SPRINGDALE : Officials: Leprosy story false
Posted on Saturday, February 9, 2008
No outbreaks of leprosy or tuberculosis exist in Springdale or elsewhere in Northwest Arkansas, state health officials said Friday in an attempt to allay fear following a TV station’s report Thursday night.
While there are nine reported cases of leprosy and 21 cases of TB in Washington, Benton and Sebastian counties, none is a recent infection, and the two diseases are not believed to be highly contagious, officials with the Arkansas Department of Health said.
“There has never been an epidemic of leprosy,” said the Health Department’s branch chief of infectious diseases, Dr. James R. Phillips.
“Ninety-five percent of the population are genetically resistant to leprosy,” Phillips said. “And flu is magnitudesmuch-more contagious than leprosy.”
There is no clear-cut definition of “outbreak” outlining a minimum number of cases, or a time frame, for a disease, he said, but health officials generally consider a “sudden or significant” increase of a particular disorder to qualify.
A version of the report broadcast Thursday night by Fort Smith / Fayetteville channel KFSM-TV, Channel 5, reported that Springdale’s “medical community” was warning the public that a leprosy outbreak “could blossom into an epidemic.” A version of the story appeared Friday on the station’s Web site, www. kfsm. com. Phillips and Health Department spokesman Ann Wright said the story led to a flood of calls to the Health Department, the federal Centers for Disease Control and Prevention in Atlanta, the governor’s office, congressional offices, and the Springdale mayor’s office.
By Friday, national Web sites such as The Drudge Report carried items about reported leprosy in Arkansas.
The story sent the chambers of commerce in Springdale, Rogers and Fayetteville scrambling to dispatch news releases Friday denying the existence of a leprosy outbreak in Springdale.
“You may be aware of a media report that is suggesting there has been an outbreak of leprosy in Springdale. This is not true,” wrote Perry Webb, the Springdale chamber’s president and chief executive officer.
“The Chamber has been in touch this morning with Gov. Mike Beebe, Congressman John Boozman, the Center for Disease Control and the Washington County Health Department. Each of these entities are fully engaged and are reporting to us that there is no ‘outbreak’ of leprosy in Springdale or Northwest Arkansas.”
Webb said the television station was pulling the story from its Web site Friday afternoon, a claim that KFSM News Director James Warner denied. The story had been removed from the station’s Web site as part of its follow-up reporting, he said.
The station stands by its initial story, he said.
Leprosy, also called Hansen’s disease, is a chronic infectious disease usually affecting the skin and peripheral nerves, “but that has a wide range of possible clinical manifestations,” according to the CDC. A milder form can cause “hypo-pigmented skin macules” while a more serious form can include skin lesions, nodules, plaques, a thickening of the dermis and nasal congestion. People receiving antibiotic treatment or who have completed treatment are considered free of active infection.
KFSM’s story said it based its report on statements by “local doctors,” but the only doctor it identified by name and quoted directly was Dr. Jennifer Bingham, a Springdale internist.
Bingham attempted to return a Democrat-Gazette reporter’s telephone call to her office early Friday afternoon, but return calls placed to her cell phone later in the day were not returned. “Springdale is also reporting over 100 cases of TB,” the television station reported, without further elaboration or attribution. During its 5 p. m. newscast Friday, KFSM attributed Thursday’s report to bad information supplied by local doctors.

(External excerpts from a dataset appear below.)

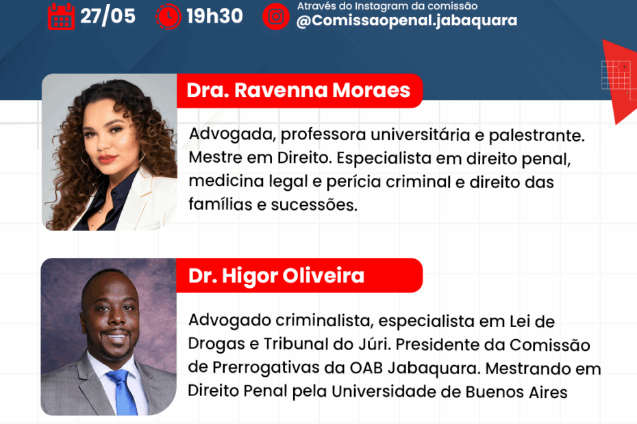 No dia 17 de junho, às 19h30, a Comissão de Direito Penal da OAB Jabaquara convida você para uma live com dois grandes nomes da… Continue a ler »PALESTRA ONLINE | MC POZE DO RODO
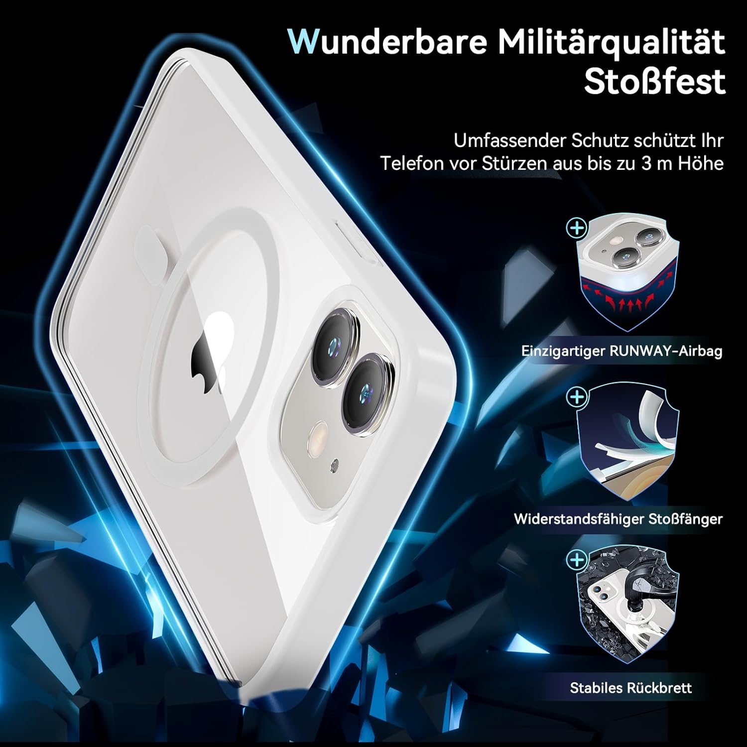За iPhone 12, Калъф за iPhone 12 Pro за Magsafe със защита от закалено стъкло, Защита от военен клас, Удароустойчив магнитен калъф за мобилен телефон iPhone 12, Калъф за iPhone 12 Pro, Тънък калъф за външна употреба
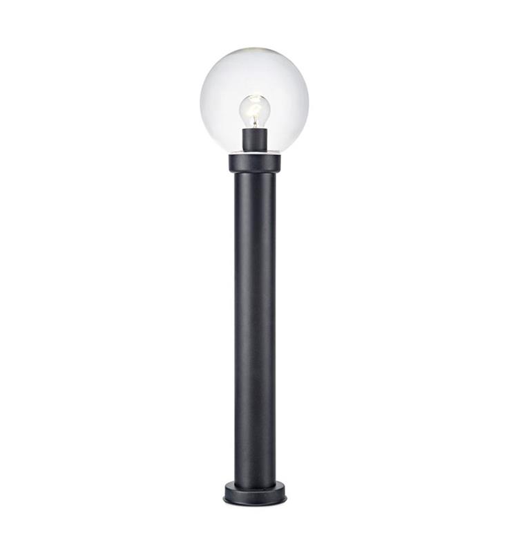 Caris stilrena pollare, perfekt till trädgården. IP-klassen är IP44 avsedd för fast, jordad installation. Pulverlackerad, rostfri svart metall och ljuskupa i klarglas. Stor lamphållare (E27). Max 40W glödljus eller motsvarande styrka i halogen, lågenergi eller LED. Ett mysigt sätt att lysa upp sin utemiljö på.
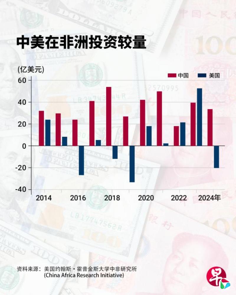 相较中国在海外矿业的扩张,美国的相对退缩形成了鲜明对比。数据显示,中国在非洲直接投资持续增长,2024年达34亿美元;而美国企业同年在非洲净撤资约20亿美元,美非贸易总额占非洲对外贸易的份额已不足5%。在中美博弈背景下,中国凭借长期勘探积累、产业需求和市场化运营,正逐步提升在关键矿产定价与计价方面的影响力。
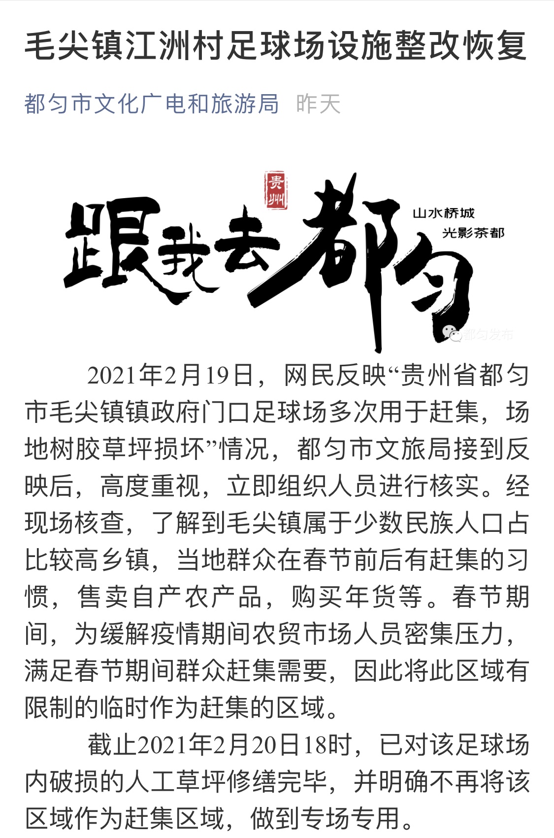 对此,都匀市文体广电和旅游局回应称,为满足春节期间群众赶集需要,因此将此区域有限制地临时作为赶集区域,目前该足球场内破损的人工草坪已修缮完毕,并明确不再将该区域作为赶集区域。
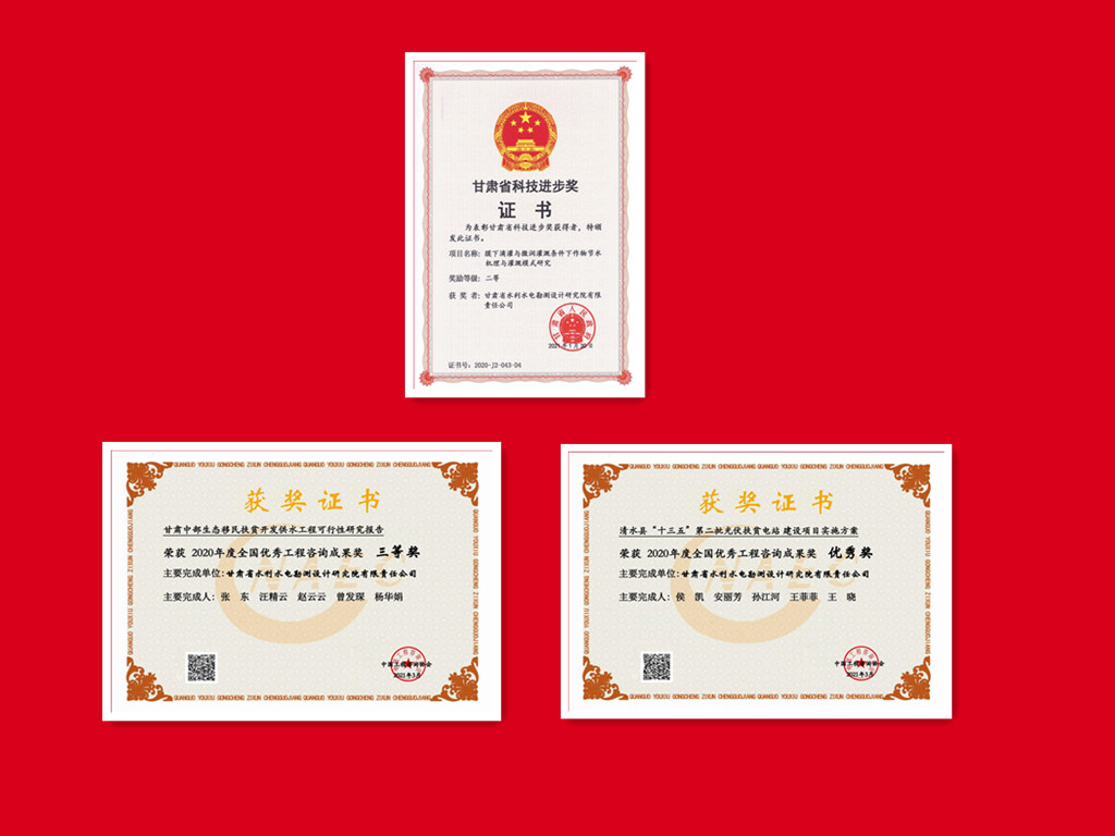 科研成果在工程實(shí)踐中開花結(jié)果,多個(gè)項(xiàng)目獲技術(shù)表彰獎(jiǎng)勵(lì):《民勤縣紅崖山水庫加高擴(kuò)建工程》獲甘肅省優(yōu)秀工程勘察設(shè)計(jì)一等獎(jiǎng);《石羊河流域重點(diǎn)治理項(xiàng)目西營河專用輸水渠工程》《古浪縣生態(tài)移民暨扶貧開發(fā)黃花灘項(xiàng)目水利骨干工程》《大通河納子峽水電站工程地質(zhì)勘察》《昌馬水庫樞紐工程地質(zhì)勘察》分別獲甘肅省優(yōu)秀工程勘察設(shè)計(jì)二等獎(jiǎng);《甘肅中部生態(tài)移民扶貧開發(fā)供水工程可行性研究報(bào)告》獲全國優(yōu)秀工程咨詢成果獎(jiǎng)三等獎(jiǎng);《清水縣“十三五”第二批光伏扶貧電站項(xiàng)目》獲全國優(yōu)秀工程咨詢成果獎(jiǎng)優(yōu)秀獎(jiǎng)。

In December 2007, state lawmakers heard a report that there were eight cases of leprosy from 2000 to 2005 among Washington County’s Marshallese population, which is concentrated in Springdale.
“We have had leprosy in Arkansas since forever,” Phillips said. “Some people get the idea that leprosy just came with the Marshallese. That’s not true.”
Roughly 75 percent of the leprosy cases in Arkansas and the United States during the last decade have been among “foreign-born individuals,” including Marshallese, Hispanics and others who have moved to this country, but they did not introduce the disease here, Phillips said.
“Every year, there were cases among native-born Arkansans — before the Marshallese ever arrived,” he said.
When it comes to TB, the percentage of foreign-born residents with the disease was smaller in Arkansas overall than elsewhere in the country, where more than 55 percent of cases were among foreign-born. That compared to 28 percent of Arkansas cases among foreign-born residents.
Medical schools don’t teach much about leprosy since there’s not much chance doctors will run across it, Phillips said, but infectious-disease specialists track it.
Most cases are contracted among family members who live in close contact for extended periods of time.
If you are someone in the 5 percent of the population who is susceptible to leprosy, “it is possible that you could walk into somebody’s [contaminated ] house, walk out in 15 minutes and be infected,” Phillips said.
“That’s theoretically possible — but statistically, not likely,” he said.